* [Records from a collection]
+++
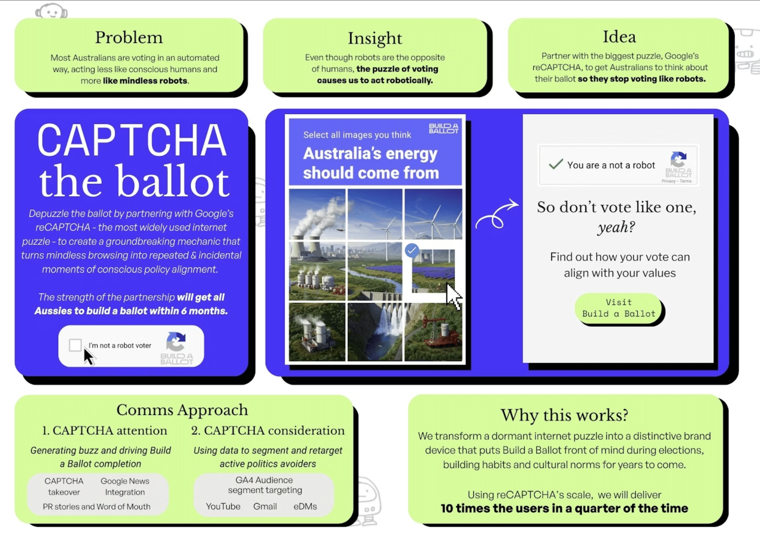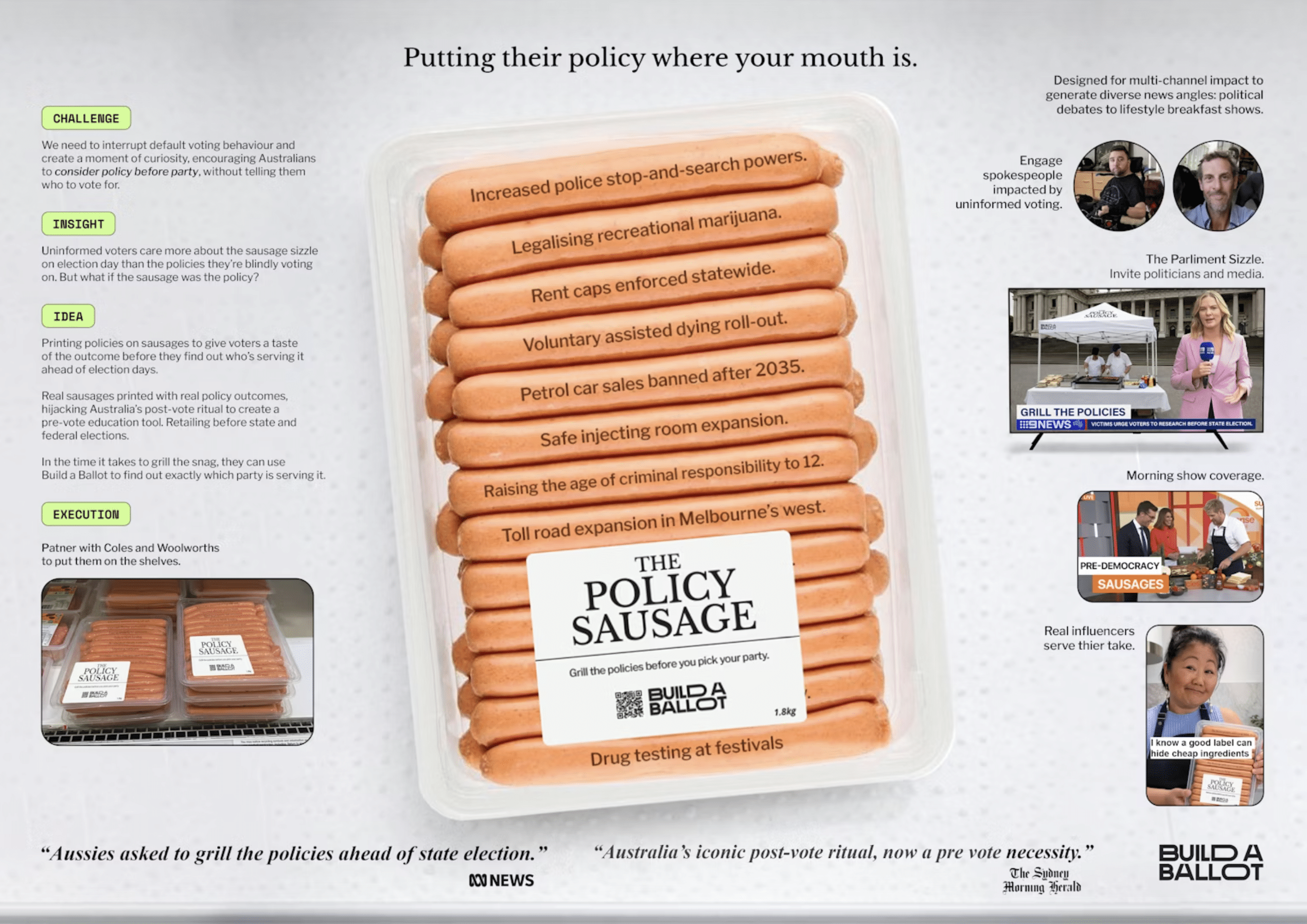 This year’s brief, set by Project Planet, challenged finalists to disrupt default voting behaviour using its free digital tool, Build a Ballot — helping Australians understand their values, explore policy alignment and plan their vote.
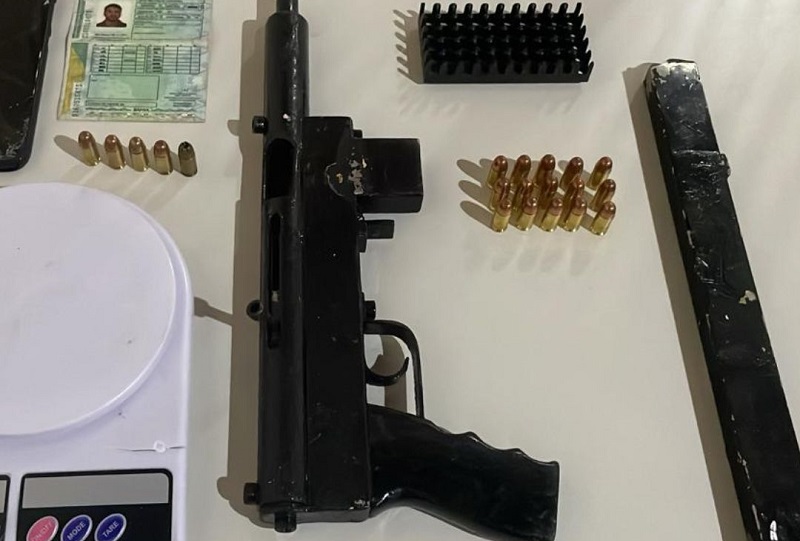 Após uma perseguição, o veículo caiu em uma área de vegetação e os criminosos trocaram tiros com os policiais. Um dos suspeitos foi atingido e morreu no local. Com ele, foram apreendidos uma submetralhadora caseira, munições e uma balança de precisão.
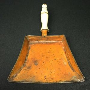19th c. Antique Painted TINWARE CRUMB TRAY with TURNED HANDLE, Persimmon, AAFA
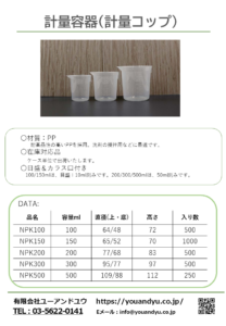 販促品・ノベルティ 計量コップ youandyu 2026年2月13日 耐薬品性に優れているPP製の計量コップのご案内です。 目盛とカラス口がついていて使い勝手のいい設計です。 比較的肉を厚くしているので、扱いやすくなっています。 理化学向けですが、家庭用洗剤の攪拌用にリテール部門でも採用実績があります。 洗剤のスポット販促として等活用ください。 ケース対応品です。 詳細はリーフをご参照ください。
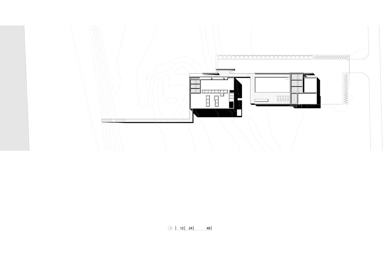 The progression through the site begins with a set of steps that lead up to the pool house. Ascending these stairs reveals dramatic views of the bay; continuing south along the main circulation walkway leads to a bridge connecting to the main house at the entry level and opening onto a glass vestibule. The second floor is accessed through a vertically contained grand stair that is animated with natural light by a continuous vertical louvered slot and skylight above. This level contains the main domestic spaces, including two bedrooms, a kitchen, a dining area, and a double-height living room, while the upper level houses another bedroom and the master bedroom, along with its bathroom and wardrobe. All areas of the house open up to exterior decks with a system of folding and sliding doors that bring light and breeze from the ocean, blurring the divisions between the architecture and the nature around the site.
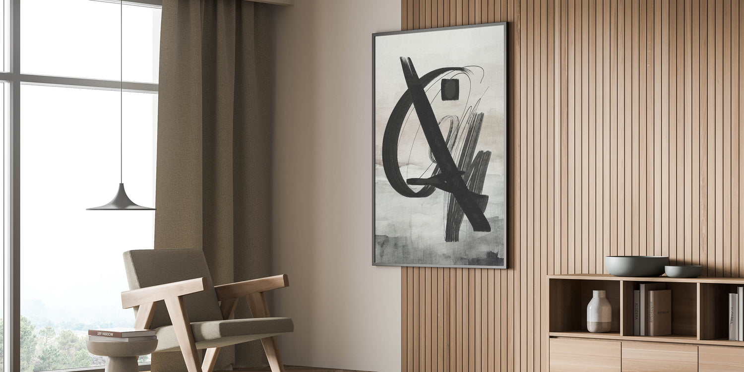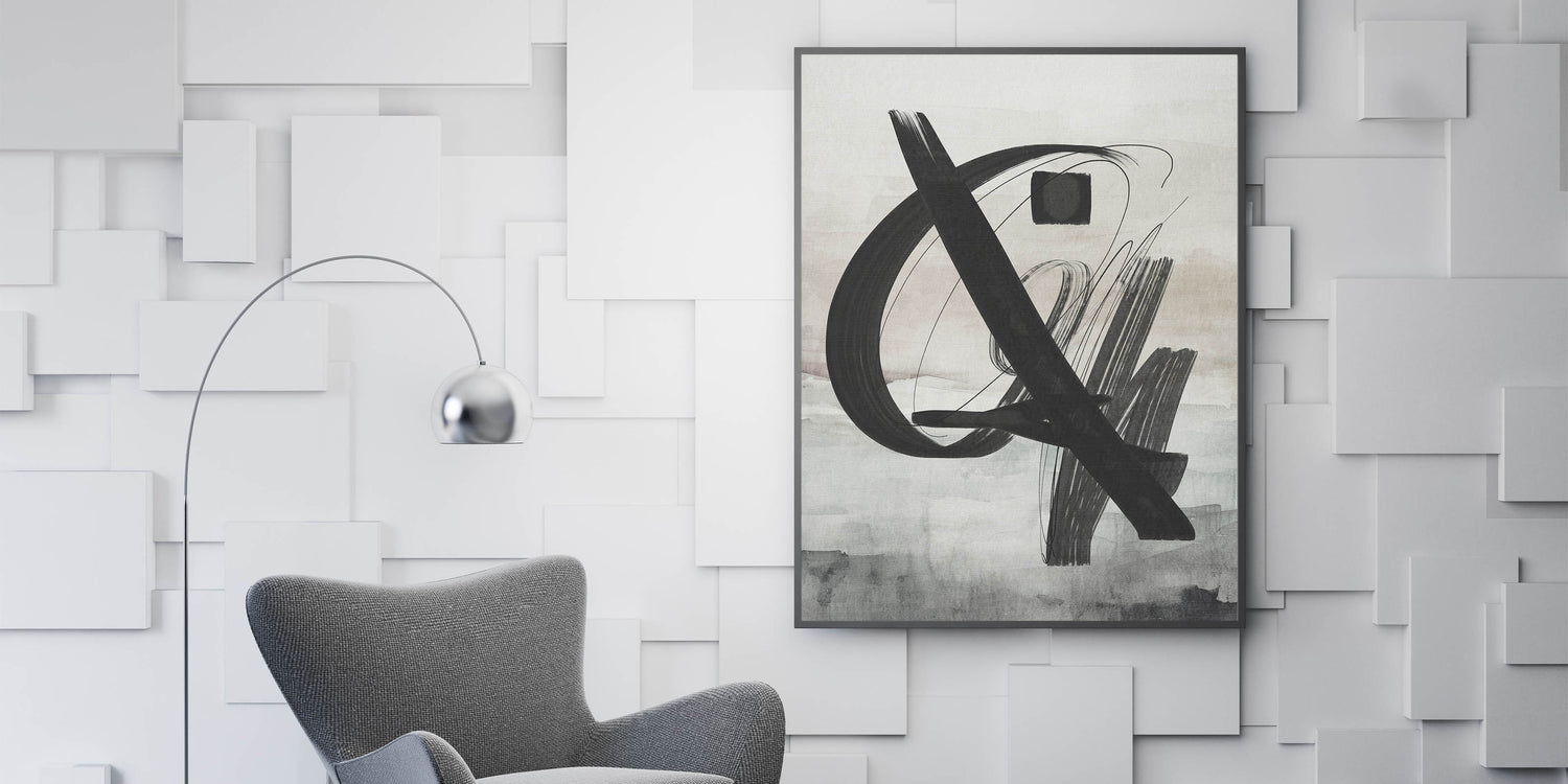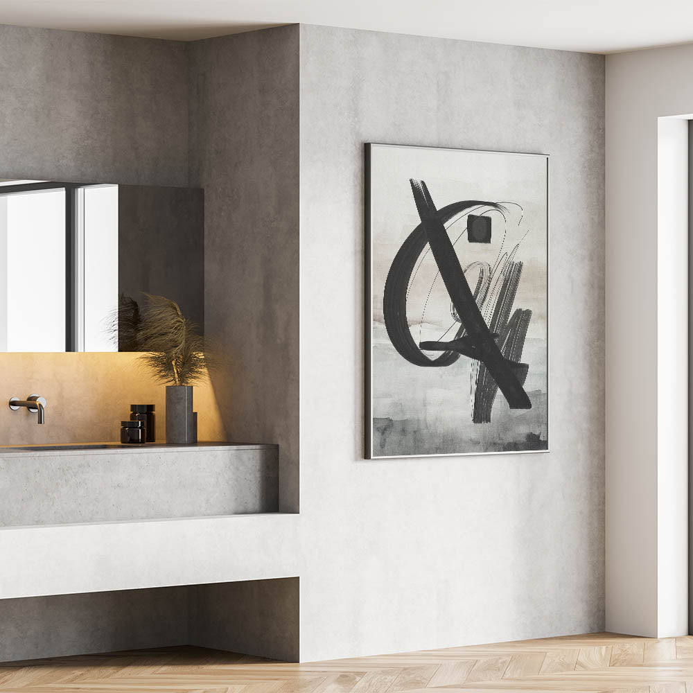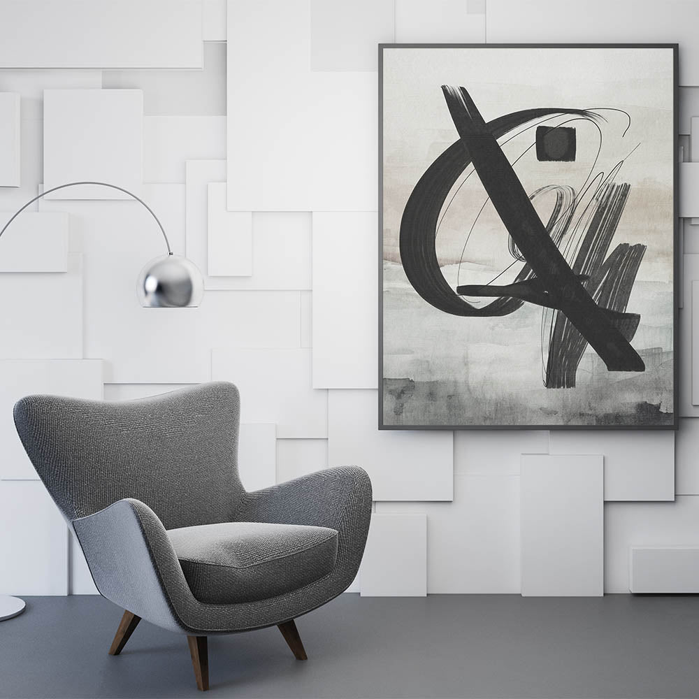 Experience the bold energy of abstract expression with this striking calligraphy-inspired wall art. Featuring dynamic black brushstrokes against a muted background of beige and gray, this artwork combines the fluidity of calligraphy with the power of abstract art. The composition exudes a sense of movement and spontaneity, making it a perfect piece for those who appreciate modern, avant-garde design. Ideal for adding a dramatic focal point to any space, this piece enhances contemporary, minimalist, and industrial interiors.
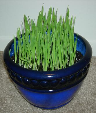 And you all thought I had no green thumb. I don't have any special place in my heart for grass, but this is supposed to be "cat grass" which makes it special. I guess. I didn't believe the packaging which said it grew in only 4 days, but there it is; the potting soil probably helped. Actually it's been 5 days but it sprouted after 3.
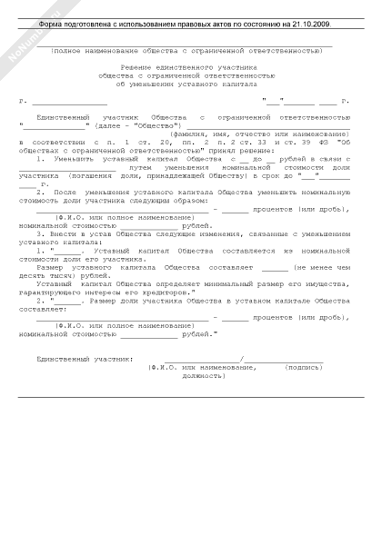 - 86Решение единственного участника общества с ограниченной ответственностью об уменьшении уставного капитала
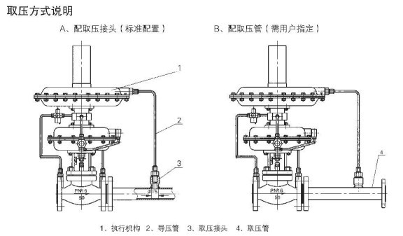 ZZY-II型自力式帶指揮器型壓力調(diào)節(jié)閥取壓方式說明:
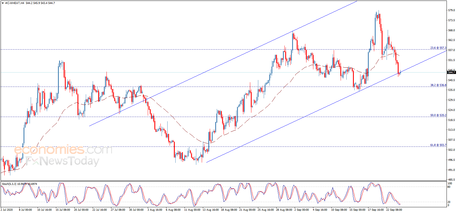 Wheat price managed to break the bullish channel’s support and settles below it now, which supports the continuation of the expected bearish trend scenario on the intraday and short term basis, targeting 536.80 level as a next main station, being aware that the failure to settle below 545.00 will push the price to achieve intraday gains that target testing 557.30 level initially.
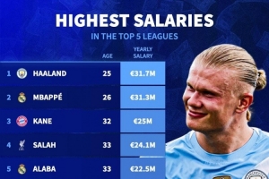 下一篇: 五大联赛年薪排名:哈兰德3170万欧居首,姆巴佩、凯恩二三位
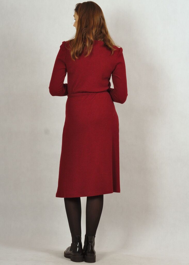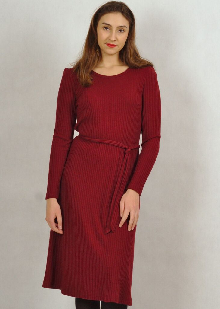 Supermodna sukienka z dzianiny prążkowanej, zawierającej w składzie wiskozę.
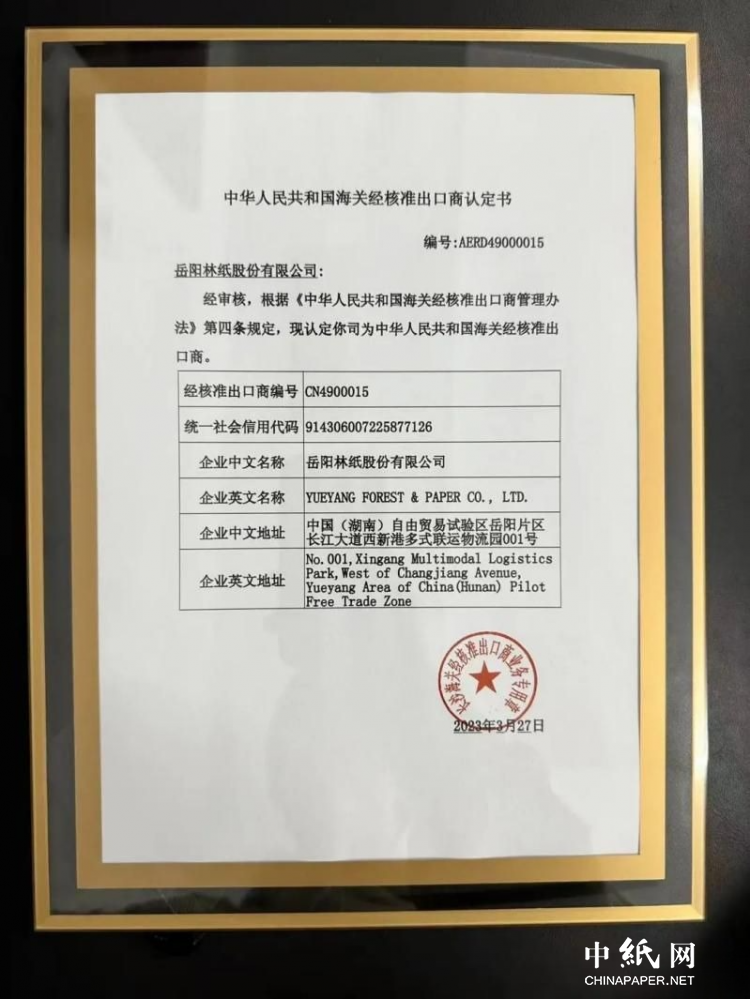 3月27日,湖南省公布首批次经海关核准认定的出口企业15家,岳阳林纸股份有限公司位列其中,且为目前岳阳市唯一一家经认定的出口企业。
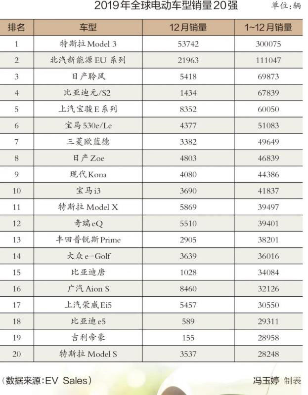 沒有任何意外,特斯拉Model 3蟬聯(lián)2019年全球電動車型的銷量冠軍,第二次榮膺年度銷量王的稱號。2019年,全球共有兩款電動車型銷量突破10萬輛,分別是特斯拉Model 3和北汽新能源EU系列,前者的銷量幾乎是后者的3倍。去年12月,特斯拉Model 3單月銷量創(chuàng)下歷史新高,達(dá)到5.37萬輛;北汽新能源EU系列也刷新了自身的銷量紀(jì)錄,單月銷量突破2萬輛。
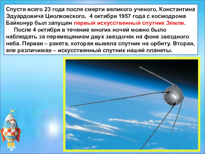 Циолковского, 4 октября 1957 года с космодрома Байконур был запущен
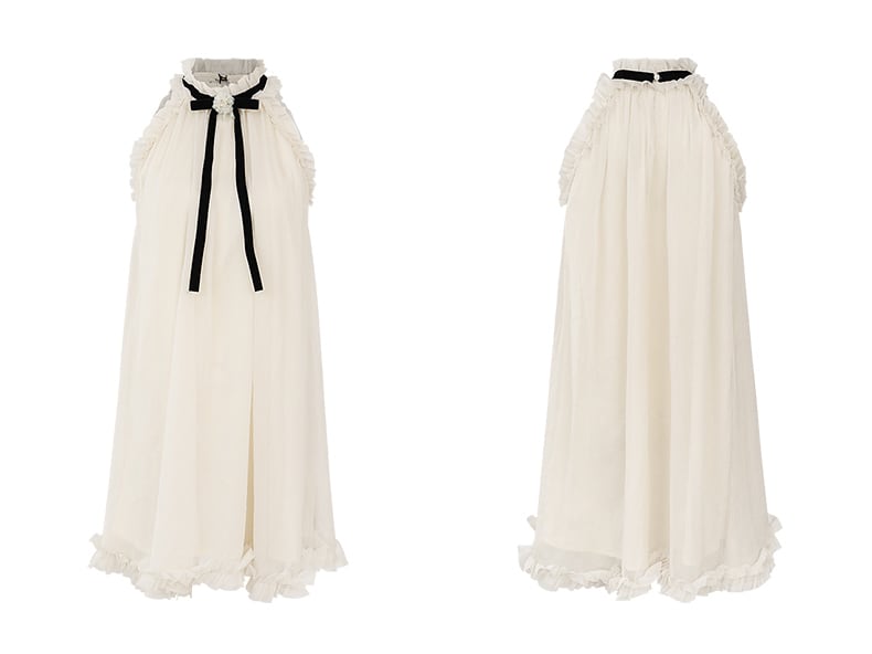 【Since Then】キュート リボン フリル ホルダーネック Aラインワンピース ドレス ショート丈
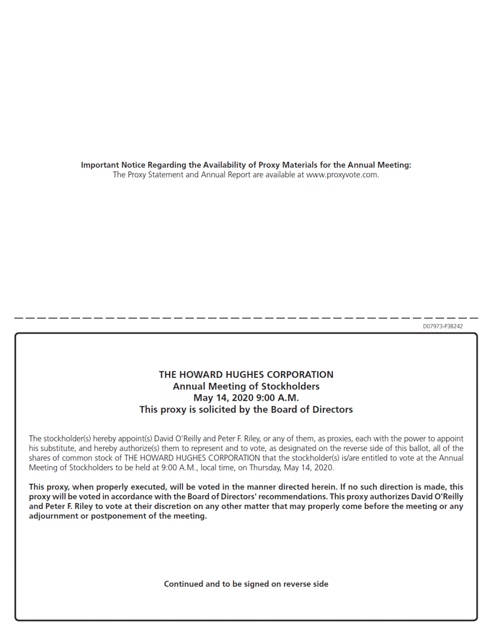 Important Notice Regarding the Availability of Proxy Materials for the Annual Meeting: The Proxy Statement and Annual Report are available at www.proxyvote.com. D07973-P38242 THE HOWARD HUGHES CORPORATION Annual Meeting of Stockholders May 14, 2020 9:00 A.M. This proxy is solicited by the Board of Directors The stockholder(s) hereby appoint(s) David O'Reilly and Peter F. Riley, or any of them, as proxies, each with the power to appoint his substitute, and hereby authorize(s) them to represent and to vote, as designated on the reverse side of this ballot, all of the shares of common stock of THE HOWARD HUGHES CORPORATION that the stockholder(s) is/are entitled to vote at the Annual Meeting of Stockholders to be held at 9:00 A.M., local time, on Thursday, May 14, 2020. This proxy, when properly executed, will be voted in the manner directed herein. If no such direction is made, this proxy will be voted in accordance with the Board of Directors' recommendations. This proxy authorizes David O'Reilly and Peter F. Riley to vote at their discretion on any other matter that may properly come before the meeting or any adjournment or postponement of the meeting. Continued and to be signed on reverse side
+++
* [Exercise] Your task is to repeat exactly the lines from the beginning of the data to the line that contains "The progression through", both ends included, leaving out pictures.

* [Result for this task]
 This year’s brief, set by Project Planet, challenged finalists to disrupt default voting behaviour using its free digital tool, Build a Ballot — helping Australians understand their values, explore policy alignment and plan their vote.
 Após uma perseguição, o veículo caiu em uma área de vegetação e os criminosos trocaram tiros com os policiais. Um dos suspeitos foi atingido e morreu no local. Com ele, foram apreendidos uma submetralhadora caseira, munições e uma balança de precisão.
19th c. Antique Painted TINWARE CRUMB TRAY with TURNED HANDLE, Persimmon, AAFA
 販促品・ノベルティ 計量コップ youandyu 2026年2月13日 耐薬品性に優れているPP製の計量コップのご案内です。 目盛とカラス口がついていて使い勝手のいい設計です。 比較的肉を厚くしているので、扱いやすくなっています。 理化学向けですが、家庭用洗剤の攪拌用にリテール部門でも採用実績があります。 洗剤のスポット販促として等活用ください。 ケース対応品です。 詳細はリーフをご参照ください。
 The progression through the site begins with a set of steps that lead up to the pool house. Ascending these stairs reveals dramatic views of the bay; continuing south along the main circulation walkway leads to a bridge connecting to the main house at the entry level and opening onto a glass vestibule. The second floor is accessed through a vertically contained grand stair that is animated with natural light by a continuous vertical louvered slot and skylight above. This level contains the main domestic spaces, including two bedrooms, a kitchen, a dining area, and a double-height living room, while the upper level houses another bedroom and the master bedroom, along with its bathroom and wardrobe. All areas of the house open up to exterior decks with a system of folding and sliding doors that bring light and breeze from the ocean, blurring the divisions between the architecture and the nature around the site.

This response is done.